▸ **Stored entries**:
******************************

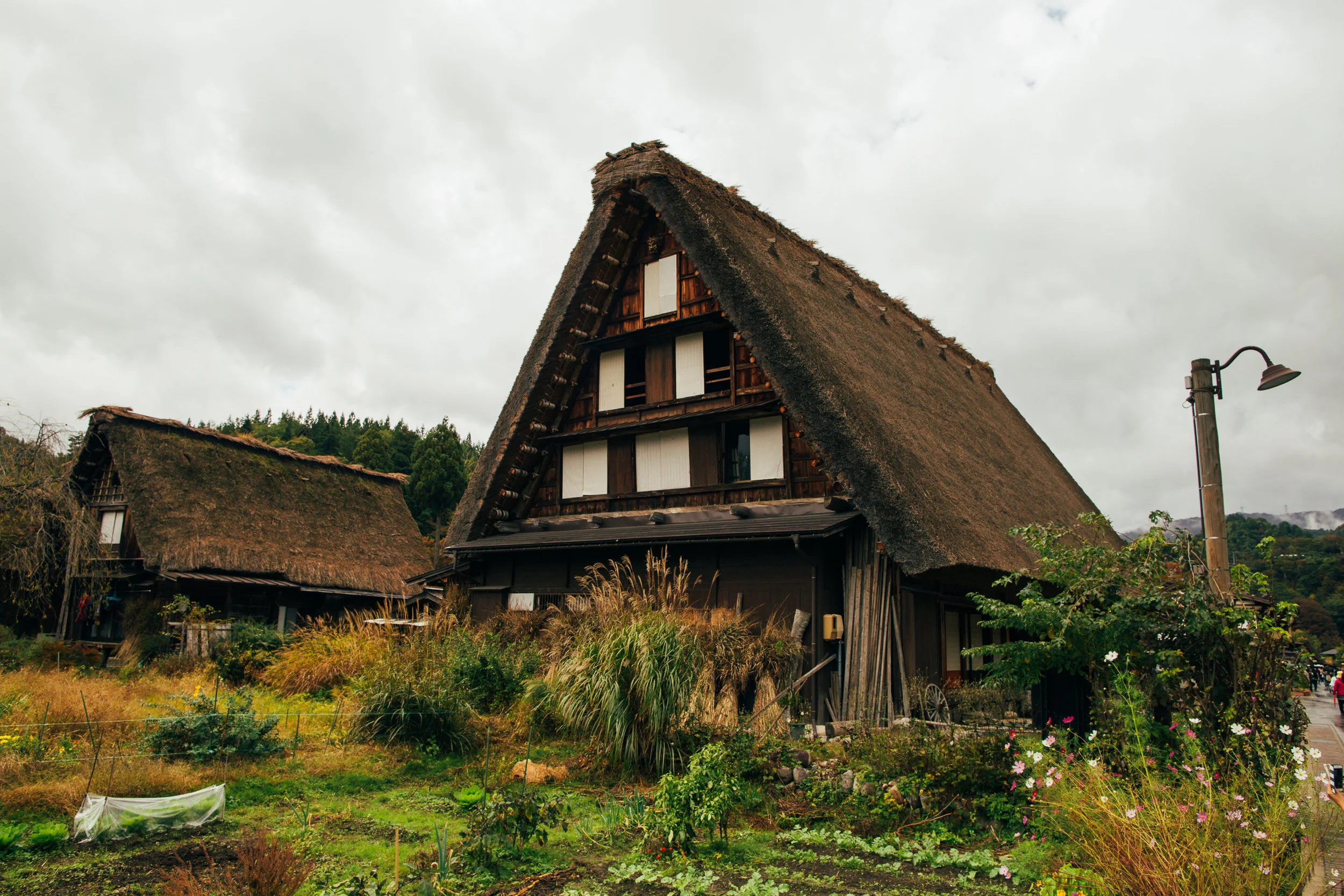 A private house. The roofs will actually feature slopes across various villages in the general region due to the varying amounts of snow they receive. These houses were traditionally farmers' homes so it is not surprising to find crops/plants being planted right next to the buildings.
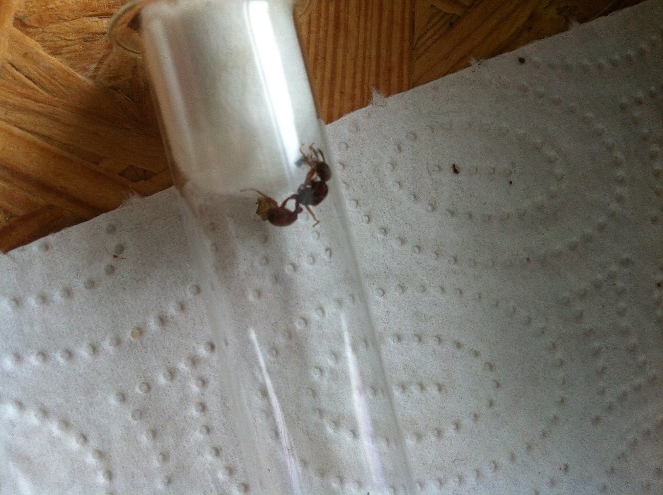 Dunkelrote Färbung, gute 13mm groß und ziemlich aggressiv. Definitiv eine Knotenameise.
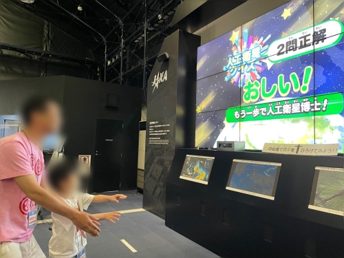 小さいお子さんから大人まで人工衛星クイズが楽しめる「マモルホシ」や、国際宇宙ステーションの一部を再現した実物大模型の「有人・宇宙環境利用」は特に人気!
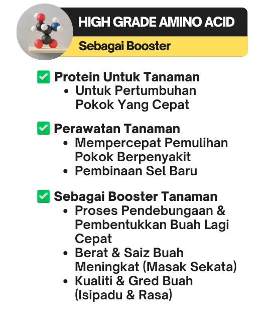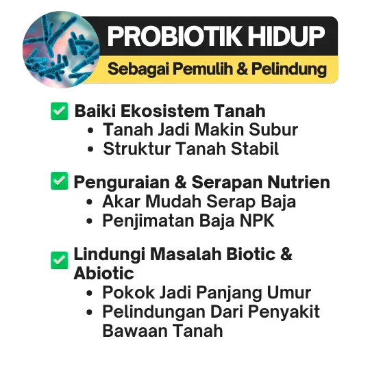 Probiotik dalam Probiomax betulkan struktur tanah, amino asid pula beri nutrien penting untuk tanaman. Hasilnya, tanah lebih subur, pokok lebih sihat, dan buah lebih lebat, berkualiti.
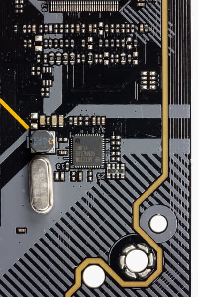 На всех современных материнских платах высокого уровня звуком заведует аудиокодек Realtek ALC1220 (с разными модификациями), на платах уровнем ниже ставят и аудиопроцессор по-проще, как в данном случае: Realtek ALC1200, однако он также обеспечивает вывод звука по схемам до 7.1. Сам чип закрыт металлическим колпачком, защищающим его от помех.
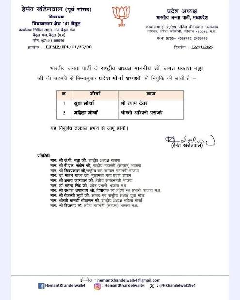 भाजपा प्रदेश अध्यक्ष हेमंत खंडेलवाल की टीम में एक महीने पहले नई नियुक्तियां की गई, इस टीम में प्रदेश कार्यालय व्यवस्था प्रभारी, प्रदेश मोर्चा प्रभारी और प्रदेश प्रकोष्ठ प्रभारी की नई जिम्मेदारी पार्टी नेताओं को सौंपी गई है। वहीं 22 नवंबर को युवा मोर्चा और महिला मोर्चा अध्यक्षों की नियुक्ति की सूची भी जारी कर दी गई थी। इसमें युवा मोर्चा प्रदेश अध्यक्ष श्याम टेलर और प्रदेश महिला मोर्चा अध्यक्ष की जिम्मेदारी अश्विनी परांजपे को सौंपी गई थी। निवर्तमान प्रदेश महिला मोर्चा अध्यक्ष माया नारोलिया से बैतूल की कई नेत्रियों की घनिष्ठता सोशल मीडिया पर सामने आती रही है, इसलिए उनके प्रदेश अध्यक्ष रहने तक उम्मीद की जा रही थी कि बैतूल की उनकी करीबी महिला नेत्रियों को प्रदेश टीम में भी स्थान मिलेगा।हालांकि अश्विनी परांजपे के प्रदेश महिला मोर्चा अध्यक्ष बनते ही सोशल मीडिया पर उनके साथ अपनी फोटो अपलोड करने वाली नेत्रियों की भी बाढ़ आ गई थी।कुछेक तो बधाई देने राजधानी भी घूम आई।दिखने- छपने वालो से होगा किनारा या इन्हीं की नैया लगेगी पार
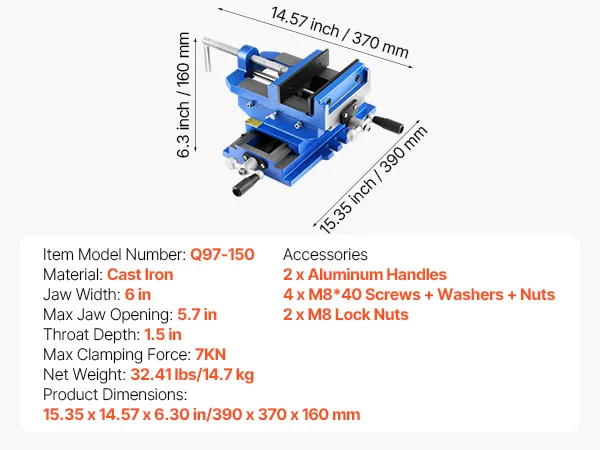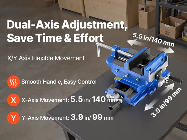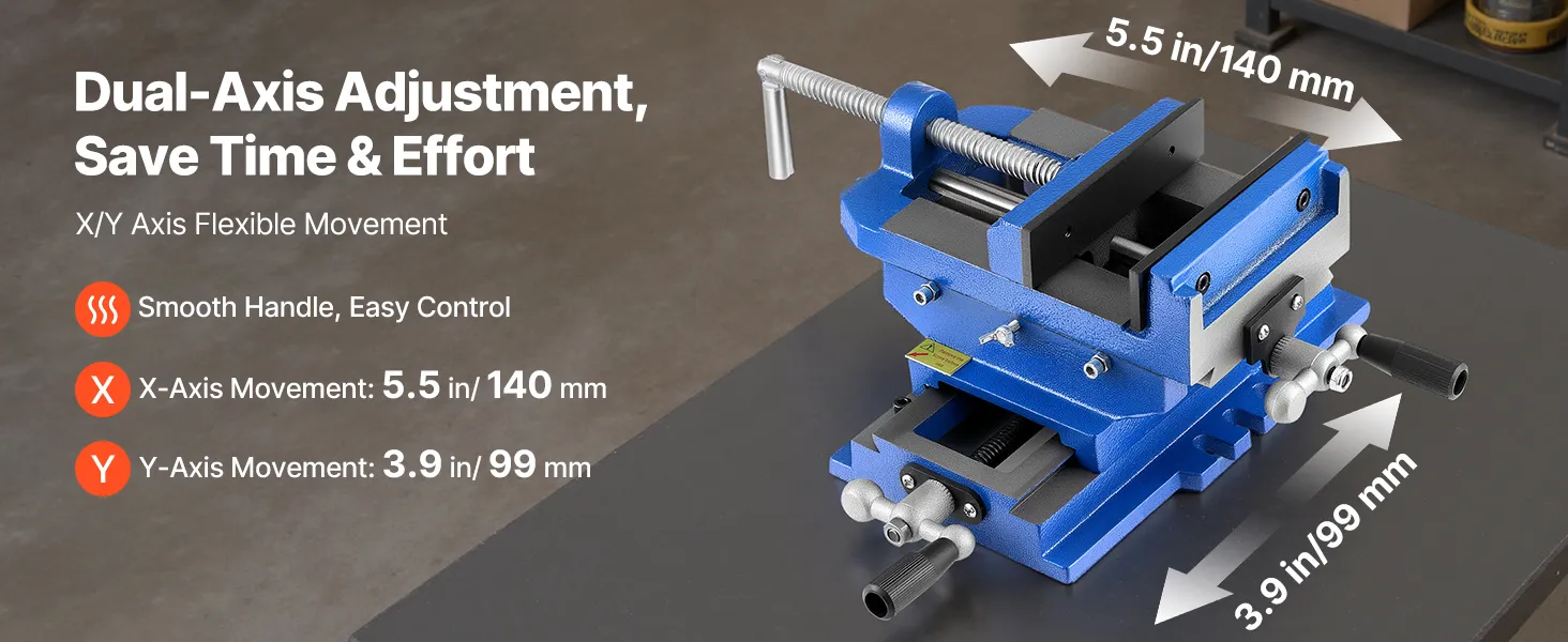 Der Kreuzschlittenschraubstock verfügt über eine Kreuzschlittenstruktur mit glatten Griffen, die eine präzise Vorwärts-/Rückwärts- und Links-/Rechtsbewegung ermöglichen. Jeder Griff ist unabhängig und ermöglicht eine präzise Positionierung, insbesondere für die Feinteilbearbeitung und Detailarbeiten.
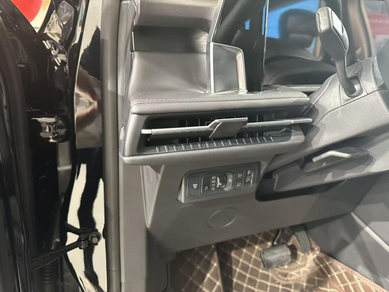 一进店里,就看到主角停在最显眼的位置,是一辆26款的混动四驱至尊版,也就是次顶配。颜色是那种沉稳的黑色,在灯光下质感不错。外观上和老款变化不大,依旧是那种美式SUV的霸气范儿,高大威猛,看着就让人觉得踏实。销售小哥热情地迎上来,确认了我们的来意后,直接开门见山,说了相比老款增加了的一些配置,像方向盘加热,我们这边冬天不算特别冷,但早上上车摸到冰凉的方向盘也是种折磨,这功能对家人很友好。540度透明底盘对这么个大车来说,在窄路会车或者走烂路时,绝对是提升安全感的配置。
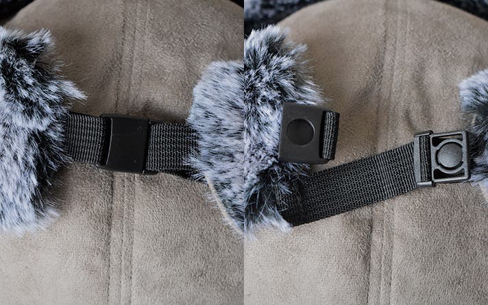 イヤーフラップは、簡単に取り外しができるボタン式バックルを採用しています。着脱はスムーズで、外出中でも手軽に調整できます。気分やスタイルに合わせてフラップをあげてすっきりとしたシルエットにしたり、寒い日には再度取り付けて耳元をしっかり保温したりと、自由にアレンジ可能です。
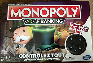 Monopoly meets voice recognition: in this electronic Monopoly voice banking game, Mr. Monopoly is the Banker and manages players' Money via his top hat.
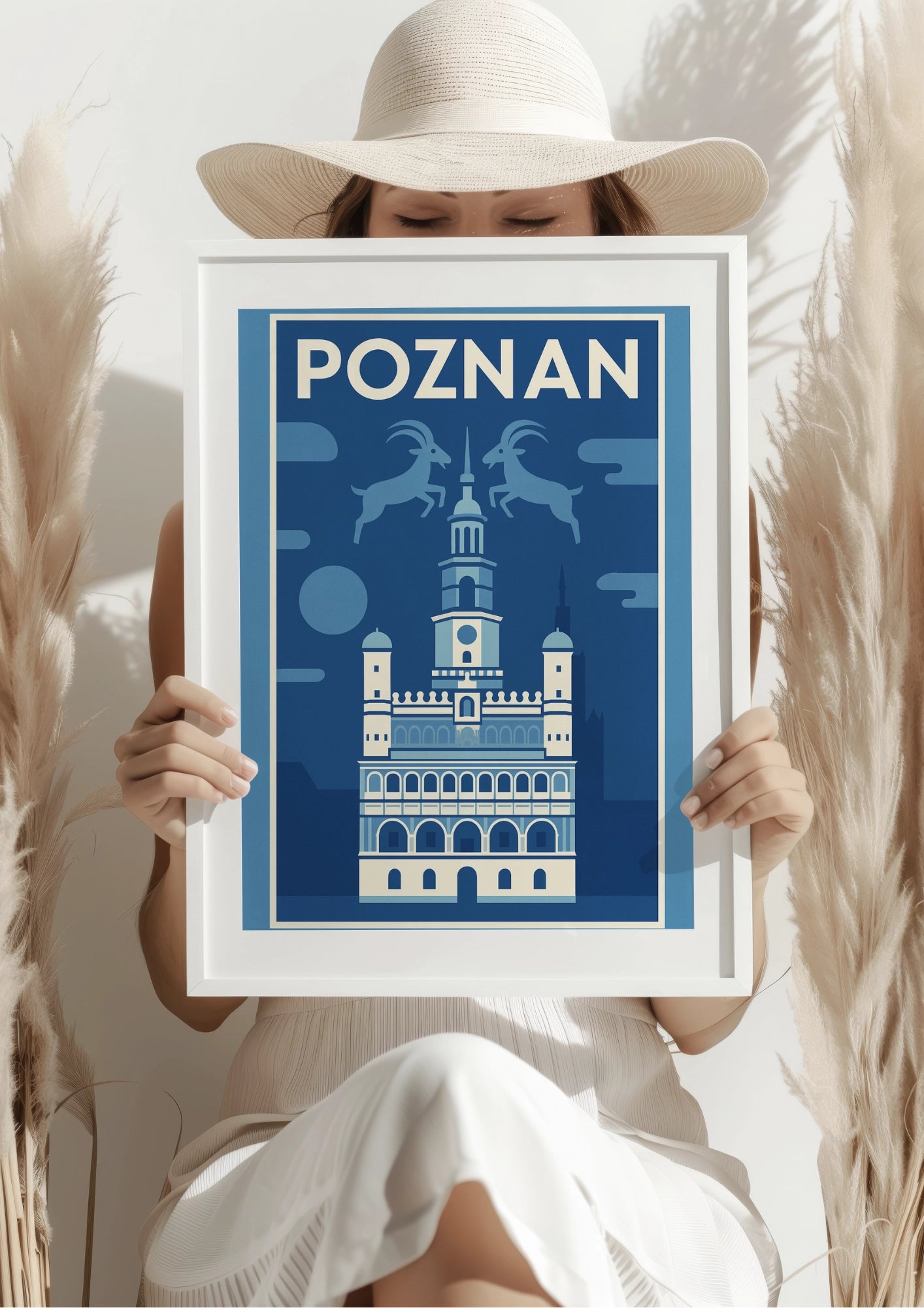 Ten plakat to minimalistyczna oda do jednego z najbardziej znanych miejskich symboli w Polsce – poznańskiego ratusza i jego legendarnych koziołków. Zatrzymany w odcieniach błękitu, budynek rozbłyskuje na tle nieba, a dwa koziołki unoszą się tuż nad wieżą, jakby właśnie miały rozpocząć swoje słynne tryknięcie. To nie tylko kadr z codziennego spektaklu – to pocztówka z duszą miasta.

******************************

▸ **Work instructions**:
Pictures are not part of the answer. Restate word for word the lines from the one with "一进店里,就看到主角停在最显" through the last line of the records.

▸ **Answer to this exercise**:
 一进店里,就看到主角停在最显眼的位置,是一辆26款的混动四驱至尊版,也就是次顶配。颜色是那种沉稳的黑色,在灯光下质感不错。外观上和老款变化不大,依旧是那种美式SUV的霸气范儿,高大威猛,看着就让人觉得踏实。销售小哥热情地迎上来,确认了我们的来意后,直接开门见山,说了相比老款增加了的一些配置,像方向盘加热,我们这边冬天不算特别冷,但早上上车摸到冰凉的方向盘也是种折磨,这功能对家人很友好。540度透明底盘对这么个大车来说,在窄路会车或者走烂路时,绝对是提升安全感的配置。
 イヤーフラップは、簡単に取り外しができるボタン式バックルを採用しています。着脱はスムーズで、外出中でも手軽に調整できます。気分やスタイルに合わせてフラップをあげてすっきりとしたシルエットにしたり、寒い日には再度取り付けて耳元をしっかり保温したりと、自由にアレンジ可能です。
 Monopoly meets voice recognition: in this electronic Monopoly voice banking game, Mr. Monopoly is the Banker and manages players' Money via his top hat.
 Ten plakat to minimalistyczna oda do jednego z najbardziej znanych miejskich symboli w Polsce – poznańskiego ratusza i jego legendarnych koziołków. Zatrzymany w odcieniach błękitu, budynek rozbłyskuje na tle nieba, a dwa koziołki unoszą się tuż nad wieżą, jakby właśnie miały rozpocząć swoje słynne tryknięcie. To nie tylko kadr z codziennego spektaklu – to pocztówka z duszą miasta.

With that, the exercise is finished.